Предложенное определение, как можно заметить, сочетает «конструктивистские» (субъективно-договорные) и «примордиальные» (объективно-материальные) параметры. Такой комбинированный подход позволяет, с одной стороны, основать самоопределение на свободном локально-цивилизационном выборе самого населения, а с другой — гарантирует, что этот выбор не будет доведен до абсурда, до которого с легкостью может дойти чисто конструктивистский подход. Легко представить ситуацию, когда на статус региона вдруг начнут претендовать – эксцентриков хватает в любом социуме – отдельный дом, квартира, университетская аудитория, сидящий на скамейке господин и т. п. Применение метода ad absurdum в данном случае очень быстро заведет политический процесс в тупик. Сочетание же субъективно-договорного подхода (свободно выраженной воли населения) с материально-объективным (формальными описанием границ и параметров региона) позволяет двинуться по пути самоопределения территории и получения ею независимости через референдум.
Важно подчеркнуть, что такое нововведение в международном праве отнюдь не означает немедленного разрушения всех существующих государств. Просто они де-факто превращаются в добровольные конфедерации и оказываются «субъектами суверенитета второго порядка». А регионы в этом случае превращаются в «суверенные интерактивные модули», из которых будут формироваться государства.
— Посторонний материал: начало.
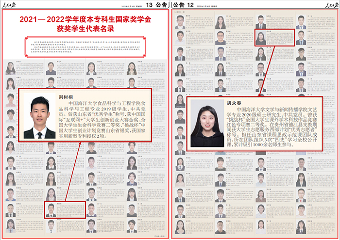 本站讯 5月4日,教育部在人民日报第11—14版发布了2021-2022学年度本专科生国家奖学金获奖学生代表名录和研究生国家奖学金获奖学生代表名录,学校2019级食品科学与工程专业本科生荆树桐、2020级文艺学专业硕士研究生胡永春入选。这是学校自2017-2018学年度以来,连续第五年有优秀学生典型入选名录,第一次有两位同学同时入选名录。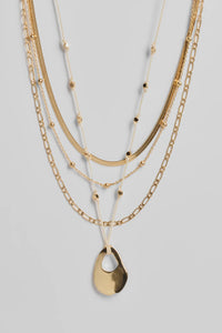 The charm necklace features a four-row design with a sleek snake chain layer, a dainty beaded chain layer, a trendy flat chain layer, and a thin cord layer accented with beading and an oval-shaped metal pendant. Style with hoop earrings.

Иными словами, речь идёт о том, чтобы «запустить» во всём мире процесс, аналогичный тому, на базе которого в своё время образовались США. Как известно, в 1776 году несколько независимых государств регионального типа — штатов — добровольно объединились в конфедерацию. И даже сделав поправку на то, что позднее она превратилась в более жесткий федеративный союз, опыт США наглядно подтверждает: государство, которое с самого начала явилось продуктом свободной государственно-строительной деятельности независимых регионов, представляет собой более чем перспективный исторический феномен.
Разумеется, как и у всякого определения, у того, что было предложено чуть выше, можно найти недостатки с точки зрения практической реализуемости. Возможно, не у каждого региона найдется «системообразующий» город (например, в ряде районов Африки), некоторые регионы окажутся сетевым объединением сравнительно небольших сообществ с «размытыми» внутренними границами и множественными локальными центрами (например, Северный Кавказ), кое-где обнаружится конфликтогенная этно-конфессиональная «чересполосица», не преодолимая даже через референдум или выборы (Руанда, Ольстер, Пригородный район Осетии, Иерусалим etc.).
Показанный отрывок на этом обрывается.